*What this task involves*: From the first line of the data through the line containing "- В блоке Администратору", transcribe each line exactly. Pictures do not belong in the copy.

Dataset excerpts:

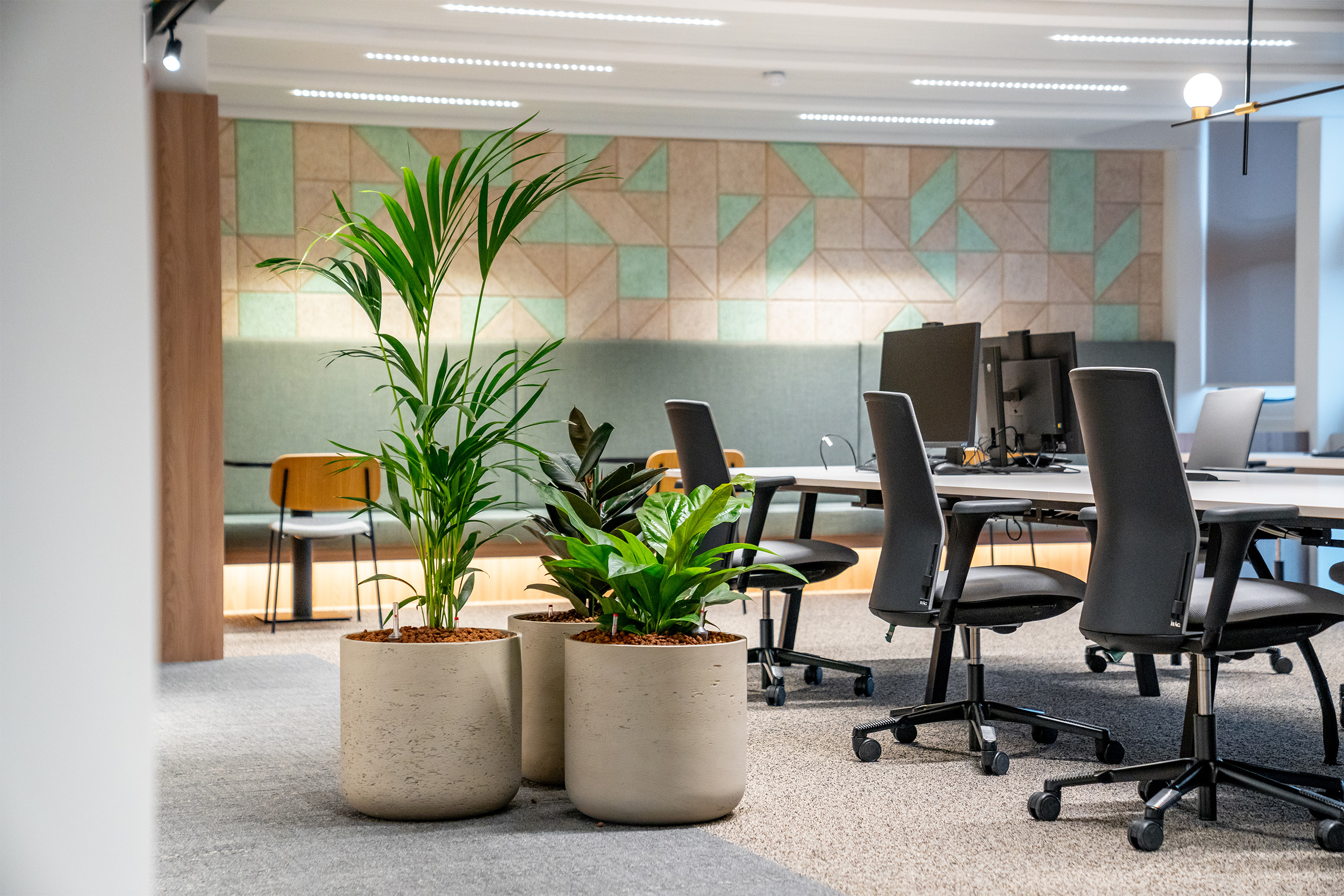 In een open kantoorruimte kan het soms druk en lawaaierig zijn. Door strategisch planten te plaatsen in werk- en vergaderzones, ontstaat er een natuurlijke barrière die geluidsoverlast vermindert en voor meer rust zorgt.
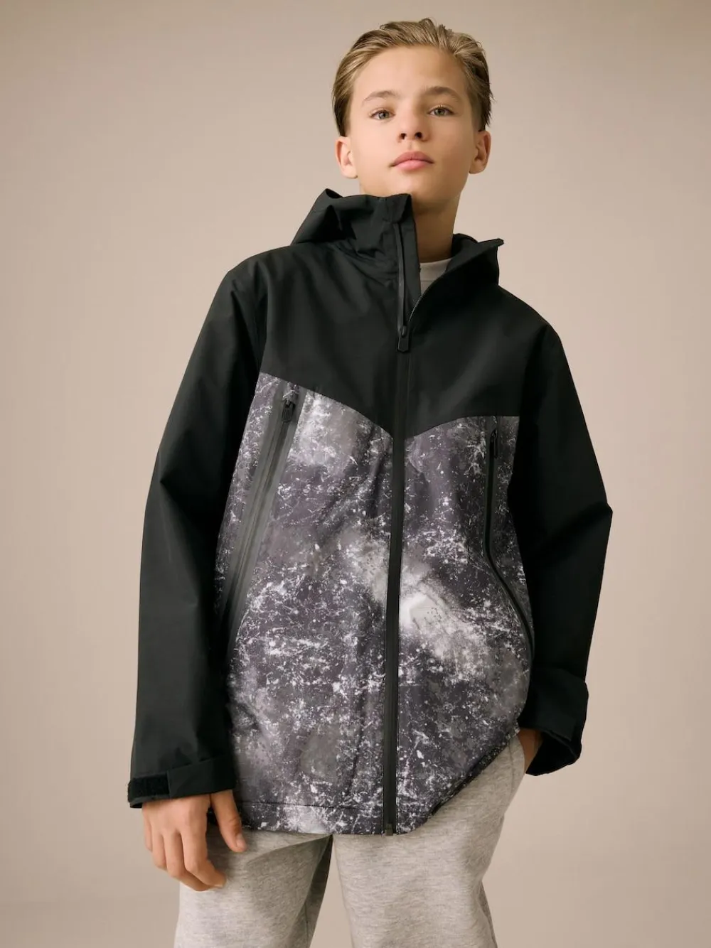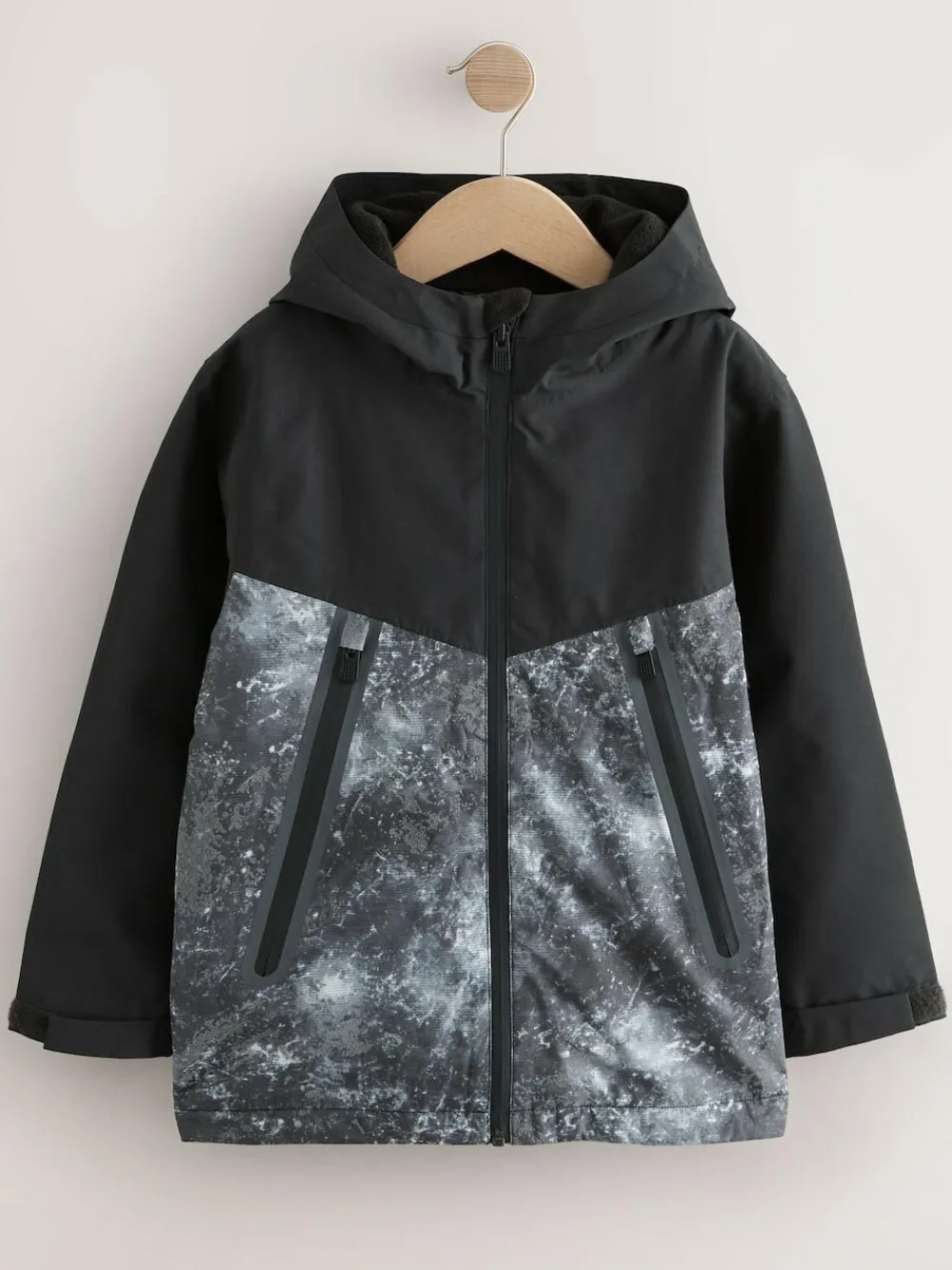 Best Next Grey/Black Waterproof Fleece Lined Hooded Jacket (3-16yrs)
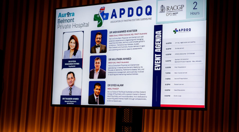 Belmont Private Hospital was proud to sponsor the Association of Pakistani Doctors Queensland (APDOQ) event, Late Life Struggles – Integrating Physical and Mental Health in Older Adults, held at the Emporium Hotel South Bank.
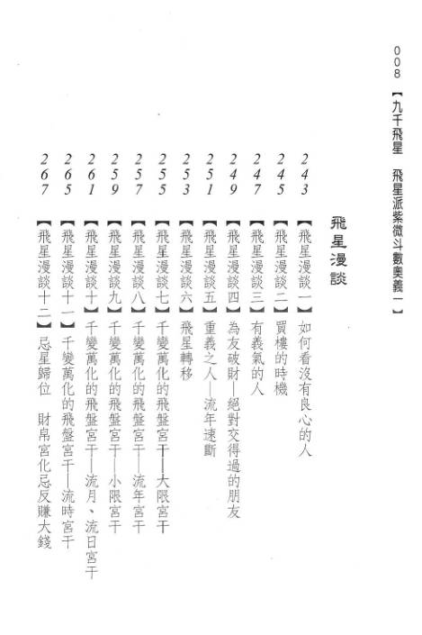 《九千飞星》(又名《九千飞星 —— 飞星派紫微斗数奥义》/《飞星漫谈》)是九千(命理研究者常用笔名)所著的飞星紫微斗数经典实战读物,是飞星派学习者公认的入门与进阶并重的参考书。逻辑清晰、案例丰富、语言直白,少用晦涩古文;强调 “体用结合、飞化有象”,反对迷信断语;对各派差异持客观态度,不强行贬低其他流派。
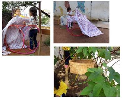 Sometimes, as soon as they had defined the places, they would get into action, developing the narratives together, speaking and acting as their characters. On other occasions, they spent almost all of their time decorating and compartmentalizing their “constructions” while they worked, telling each other what each compartment was for and redefining their roles and functions in the story. Depending on an object they held or a space they organized, they gave themselves a new function. For example, when organizing a big party for one of their peers, a girl, in possession of the large aluminum basin, exclaimed: “I was the one who was going to make the cake.” Or, in the context of a game of cabin in the woods, when a girl managed to tie a basket to the tree, she said to the other children: “This was the place where we kept everything we need.”
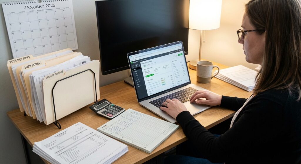 - Audit your 2025 income. Gather all 1099-NEC and 1099-K forms from clients and payment processors. List every income source with amounts received and any fees or refunds.
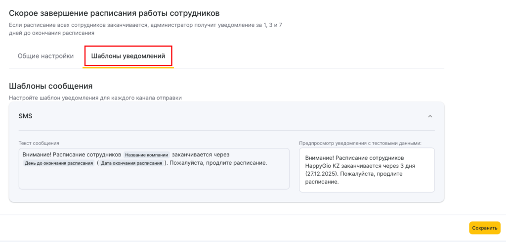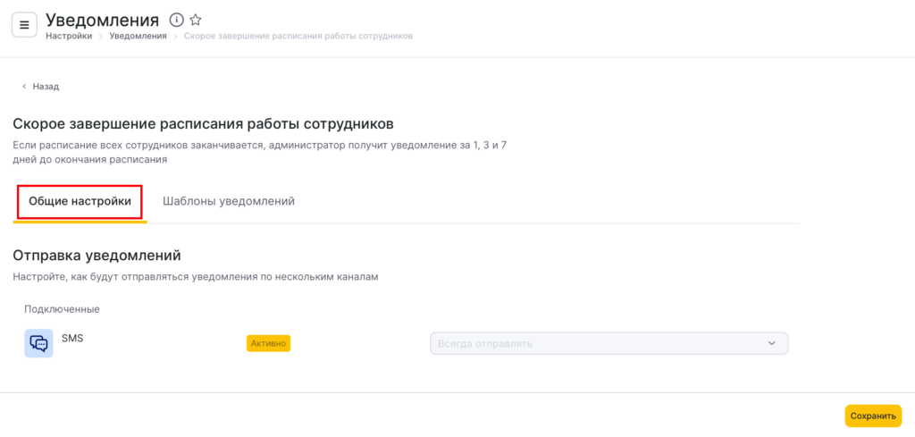 - В блоке Администратору выберите тип Скорое завершение расписания работы сотрудников, нажав на название уведомления или иконку карандаша.
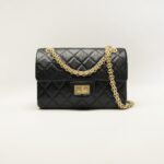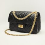 This Mini Reissue 2.55 Single Flap Bag is crafted from black distressed calfskin with antique gold hardware, front flap with Mademoiselle turnlock closure, half-moon back pockets and interwoven gold chain links.
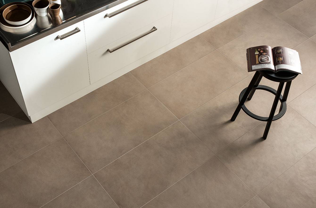 Матовая керамогранитная плитка. Благодаря своей твердости, устойчивости к влажности, шероховатой поверхности – что создает анитискользящий эффект, этот вид хорошо подходит для влажных зон и мест с повышенной весовой нагрузкой. Используют в кухнях, ваннах, отделки при домовой территории, площадок перед гаражом. Внешний вид отличается тусклостью и шероховатостью. Плюсом матового керамогранита является его дешевизна относительно других видов. Стоимость такой плитки ниже другого керамогранита, поскольку после обжига, она больше не подвергается дополнительной обработке для придания особых эстетических свойств.
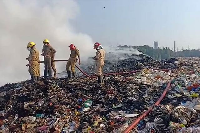 Brahmapuram waste plant, located at the Vadavucode-Puthencruz gram panchayat in the outskirts of Kochi city, houses all the degradable and non-biodegradable waste generated by the city's residents. With the waste treatment plant not functioning anymore, the garbage has been piling up in the place for many years. The dried garbage has constantly posed a fire threat and especially during summer.
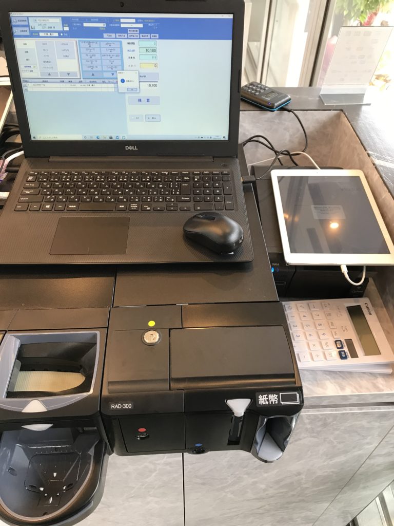 パソコン、釣銭機のホコリをとる

*Result of this task*:
 In een open kantoorruimte kan het soms druk en lawaaierig zijn. Door strategisch planten te plaatsen in werk- en vergaderzones, ontstaat er een natuurlijke barrière die geluidsoverlast vermindert en voor meer rust zorgt.
 Best Next Grey/Black Waterproof Fleece Lined Hooded Jacket (3-16yrs)
 Belmont Private Hospital was proud to sponsor the Association of Pakistani Doctors Queensland (APDOQ) event, Late Life Struggles – Integrating Physical and Mental Health in Older Adults, held at the Emporium Hotel South Bank.
 《九千飞星》(又名《九千飞星 —— 飞星派紫微斗数奥义》/《飞星漫谈》)是九千(命理研究者常用笔名)所著的飞星紫微斗数经典实战读物,是飞星派学习者公认的入门与进阶并重的参考书。逻辑清晰、案例丰富、语言直白,少用晦涩古文;强调 “体用结合、飞化有象”,反对迷信断语;对各派差异持客观态度,不强行贬低其他流派。
 Sometimes, as soon as they had defined the places, they would get into action, developing the narratives together, speaking and acting as their characters. On other occasions, they spent almost all of their time decorating and compartmentalizing their “constructions” while they worked, telling each other what each compartment was for and redefining their roles and functions in the story. Depending on an object they held or a space they organized, they gave themselves a new function. For example, when organizing a big party for one of their peers, a girl, in possession of the large aluminum basin, exclaimed: “I was the one who was going to make the cake.” Or, in the context of a game of cabin in the woods, when a girl managed to tie a basket to the tree, she said to the other children: “This was the place where we kept everything we need.”
 - Audit your 2025 income. Gather all 1099-NEC and 1099-K forms from clients and payment processors. List every income source with amounts received and any fees or refunds.
 - В блоке Администратору выберите тип Скорое завершение расписания работы сотрудников, нажав на название уведомления или иконку карандаша.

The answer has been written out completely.